[[ Material for this exercise, beginning ]]

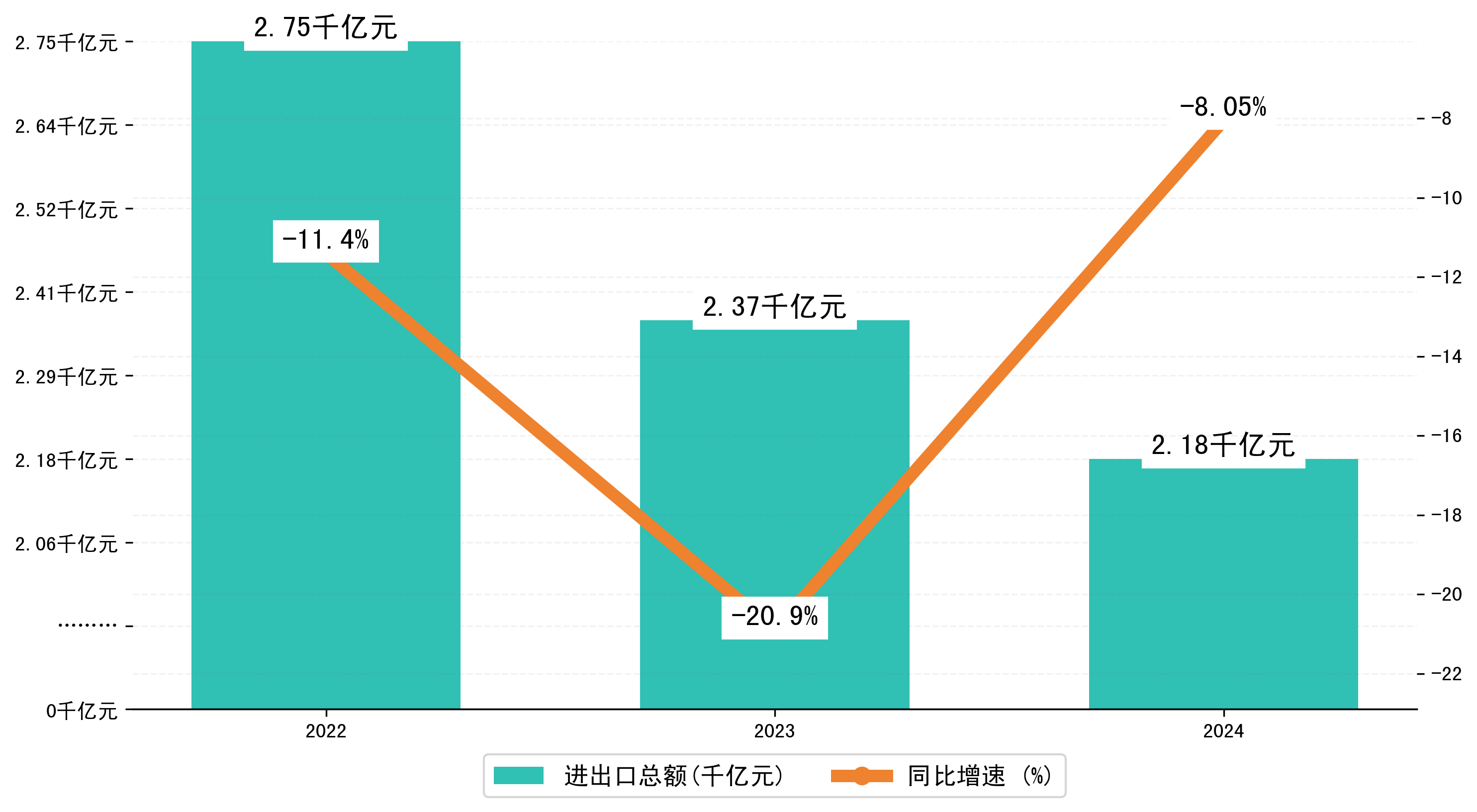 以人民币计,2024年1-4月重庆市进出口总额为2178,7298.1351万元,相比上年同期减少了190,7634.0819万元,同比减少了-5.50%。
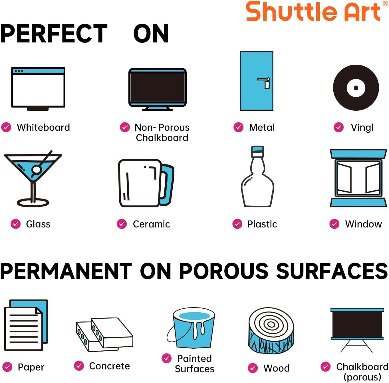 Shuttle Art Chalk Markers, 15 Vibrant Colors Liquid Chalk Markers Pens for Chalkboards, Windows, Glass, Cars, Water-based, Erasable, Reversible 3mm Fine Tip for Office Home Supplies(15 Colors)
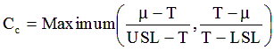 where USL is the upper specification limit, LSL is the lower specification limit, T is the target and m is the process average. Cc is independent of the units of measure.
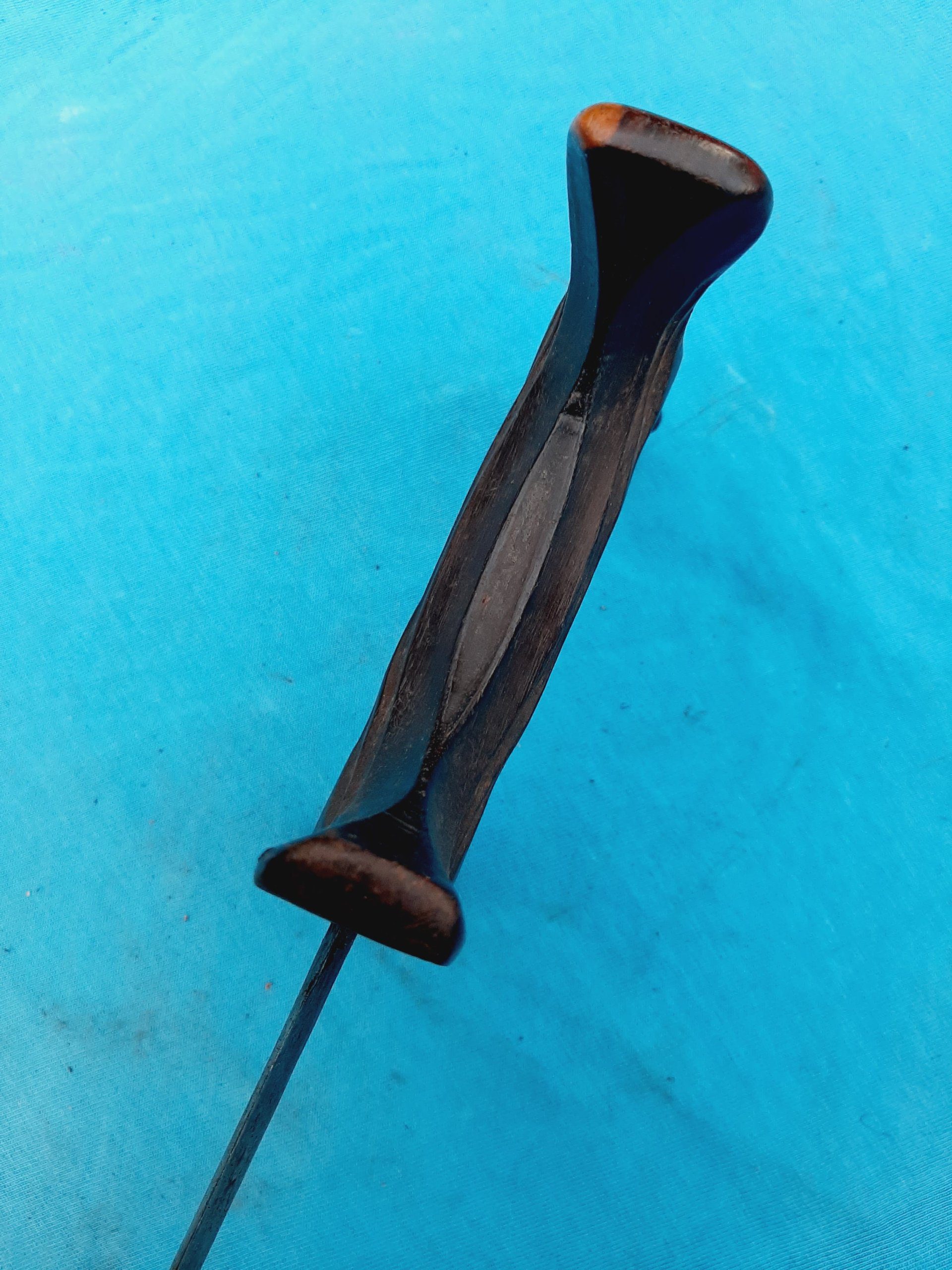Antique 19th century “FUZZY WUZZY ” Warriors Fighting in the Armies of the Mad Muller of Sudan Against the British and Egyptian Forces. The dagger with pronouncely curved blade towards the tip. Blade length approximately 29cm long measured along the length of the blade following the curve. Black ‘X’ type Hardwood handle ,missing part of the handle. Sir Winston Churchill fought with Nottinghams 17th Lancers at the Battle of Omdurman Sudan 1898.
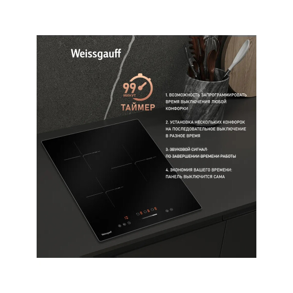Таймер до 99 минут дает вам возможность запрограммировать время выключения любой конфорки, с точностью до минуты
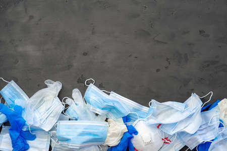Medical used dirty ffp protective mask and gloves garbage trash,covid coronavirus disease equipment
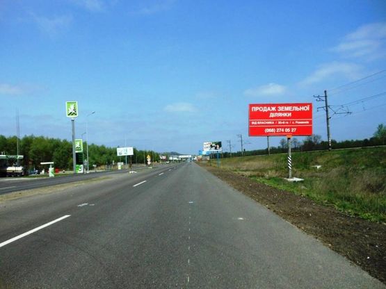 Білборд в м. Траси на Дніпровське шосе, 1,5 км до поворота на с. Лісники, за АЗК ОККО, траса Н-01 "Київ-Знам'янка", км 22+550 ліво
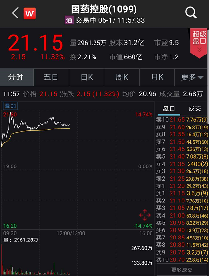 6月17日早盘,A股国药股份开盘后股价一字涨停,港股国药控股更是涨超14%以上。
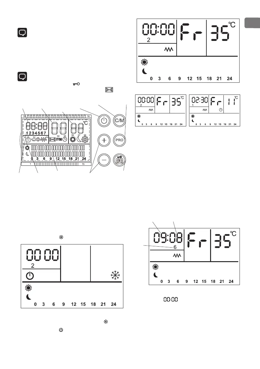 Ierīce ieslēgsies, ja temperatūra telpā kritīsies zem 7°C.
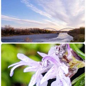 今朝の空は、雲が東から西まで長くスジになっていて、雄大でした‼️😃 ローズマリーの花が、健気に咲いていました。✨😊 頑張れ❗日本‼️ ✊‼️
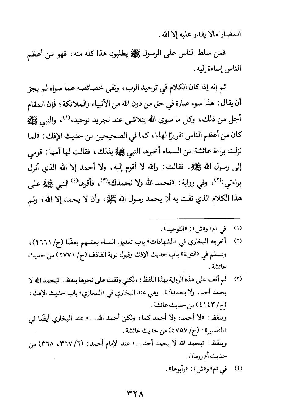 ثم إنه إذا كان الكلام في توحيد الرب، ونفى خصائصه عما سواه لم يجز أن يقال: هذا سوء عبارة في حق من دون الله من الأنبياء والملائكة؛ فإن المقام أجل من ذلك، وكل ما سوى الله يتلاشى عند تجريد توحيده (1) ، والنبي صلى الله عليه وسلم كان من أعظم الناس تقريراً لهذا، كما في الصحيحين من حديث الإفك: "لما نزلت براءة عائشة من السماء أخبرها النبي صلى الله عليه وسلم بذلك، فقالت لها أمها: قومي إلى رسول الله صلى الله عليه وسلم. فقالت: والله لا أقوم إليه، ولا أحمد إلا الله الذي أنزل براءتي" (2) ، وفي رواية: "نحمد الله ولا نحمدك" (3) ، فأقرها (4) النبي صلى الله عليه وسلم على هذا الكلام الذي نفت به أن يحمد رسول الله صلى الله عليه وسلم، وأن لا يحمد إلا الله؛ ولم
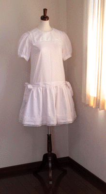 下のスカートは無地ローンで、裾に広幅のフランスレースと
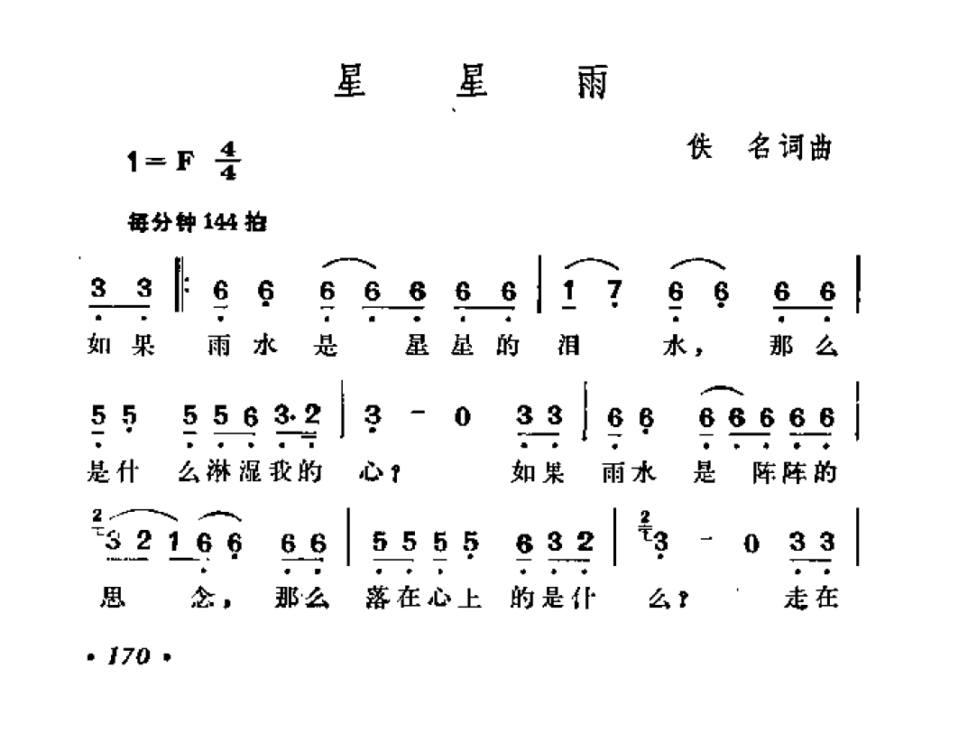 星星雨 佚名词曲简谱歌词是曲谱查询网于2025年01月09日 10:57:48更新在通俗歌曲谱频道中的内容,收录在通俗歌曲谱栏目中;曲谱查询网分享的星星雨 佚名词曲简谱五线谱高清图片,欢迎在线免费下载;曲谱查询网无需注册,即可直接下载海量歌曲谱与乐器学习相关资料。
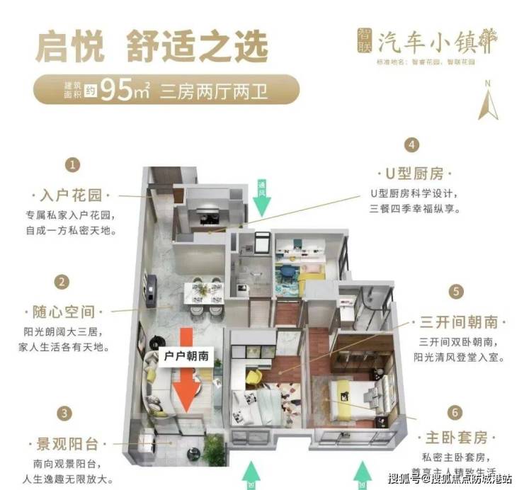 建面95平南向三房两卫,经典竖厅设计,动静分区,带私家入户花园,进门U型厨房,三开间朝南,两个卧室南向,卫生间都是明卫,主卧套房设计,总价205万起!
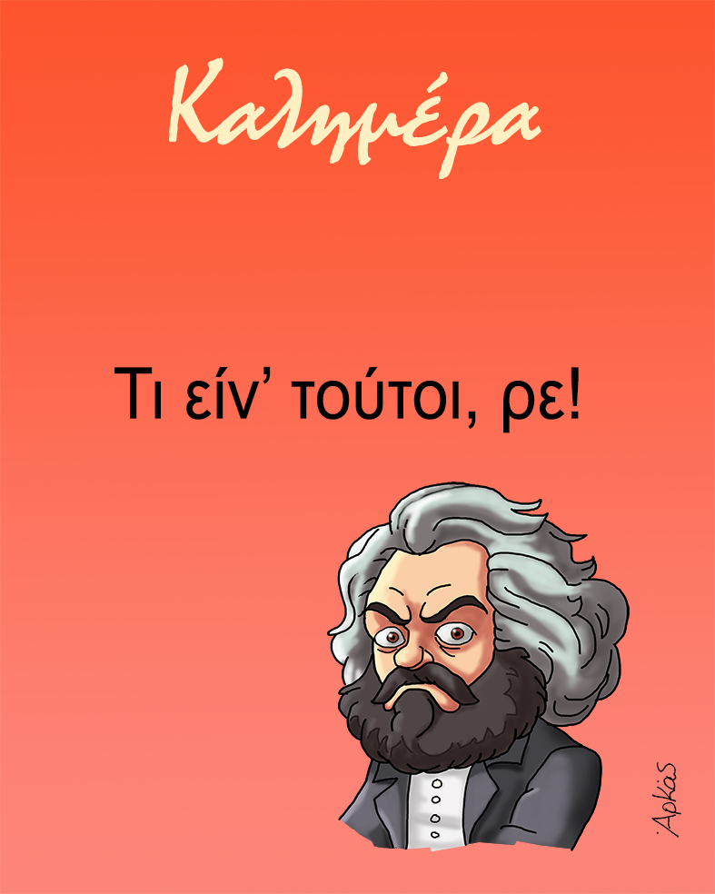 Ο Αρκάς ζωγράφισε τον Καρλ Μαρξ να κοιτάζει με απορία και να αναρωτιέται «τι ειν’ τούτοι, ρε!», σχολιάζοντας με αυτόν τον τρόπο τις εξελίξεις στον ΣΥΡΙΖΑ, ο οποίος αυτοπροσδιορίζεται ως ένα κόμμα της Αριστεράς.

[[ Material for this exercise, end ]]

§ Assigned task:
Give all the entries again exactly, dropping each picture.

§ Solution to this task:
 以人民币计,2024年1-4月重庆市进出口总额为2178,7298.1351万元,相比上年同期减少了190,7634.0819万元,同比减少了-5.50%。
 Shuttle Art Chalk Markers, 15 Vibrant Colors Liquid Chalk Markers Pens for Chalkboards, Windows, Glass, Cars, Water-based, Erasable, Reversible 3mm Fine Tip for Office Home Supplies(15 Colors)
 where USL is the upper specification limit, LSL is the lower specification limit, T is the target and m is the process average. Cc is independent of the units of measure.
Antique 19th century “FUZZY WUZZY ” Warriors Fighting in the Armies of the Mad Muller of Sudan Against the British and Egyptian Forces. The dagger with pronouncely curved blade towards the tip. Blade length approximately 29cm long measured along the length of the blade following the curve. Black ‘X’ type Hardwood handle ,missing part of the handle. Sir Winston Churchill fought with Nottinghams 17th Lancers at the Battle of Omdurman Sudan 1898.
Таймер до 99 минут дает вам возможность запрограммировать время выключения любой конфорки, с точностью до минуты
Medical used dirty ffp protective mask and gloves garbage trash,covid coronavirus disease equipment
 Білборд в м. Траси на Дніпровське шосе, 1,5 км до поворота на с. Лісники, за АЗК ОККО, траса Н-01 "Київ-Знам'янка", км 22+550 ліво
 6月17日早盘,A股国药股份开盘后股价一字涨停,港股国药控股更是涨超14%以上。
 Ierīce ieslēgsies, ja temperatūra telpā kritīsies zem 7°C.
 今朝の空は、雲が東から西まで長くスジになっていて、雄大でした‼️😃 ローズマリーの花が、健気に咲いていました。✨😊 頑張れ❗日本‼️ ✊‼️
 ثم إنه إذا كان الكلام في توحيد الرب، ونفى خصائصه عما سواه لم يجز أن يقال: هذا سوء عبارة في حق من دون الله من الأنبياء والملائكة؛ فإن المقام أجل من ذلك، وكل ما سوى الله يتلاشى عند تجريد توحيده (1) ، والنبي صلى الله عليه وسلم كان من أعظم الناس تقريراً لهذا، كما في الصحيحين من حديث الإفك: "لما نزلت براءة عائشة من السماء أخبرها النبي صلى الله عليه وسلم بذلك، فقالت لها أمها: قومي إلى رسول الله صلى الله عليه وسلم. فقالت: والله لا أقوم إليه، ولا أحمد إلا الله الذي أنزل براءتي" (2) ، وفي رواية: "نحمد الله ولا نحمدك" (3) ، فأقرها (4) النبي صلى الله عليه وسلم على هذا الكلام الذي نفت به أن يحمد رسول الله صلى الله عليه وسلم، وأن لا يحمد إلا الله؛ ولم
 下のスカートは無地ローンで、裾に広幅のフランスレースと
 星星雨 佚名词曲简谱歌词是曲谱查询网于2025年01月09日 10:57:48更新在通俗歌曲谱频道中的内容,收录在通俗歌曲谱栏目中;曲谱查询网分享的星星雨 佚名词曲简谱五线谱高清图片,欢迎在线免费下载;曲谱查询网无需注册,即可直接下载海量歌曲谱与乐器学习相关资料。
 建面95平南向三房两卫,经典竖厅设计,动静分区,带私家入户花园,进门U型厨房,三开间朝南,两个卧室南向,卫生间都是明卫,主卧套房设计,总价205万起!
 Ο Αρκάς ζωγράφισε τον Καρλ Μαρξ να κοιτάζει με απορία και να αναρωτιέται «τι ειν’ τούτοι, ρε!», σχολιάζοντας με αυτόν τον τρόπο τις εξελίξεις στον ΣΥΡΙΖΑ, ο οποίος αυτοπροσδιορίζεται ως ένα κόμμα της Αριστεράς.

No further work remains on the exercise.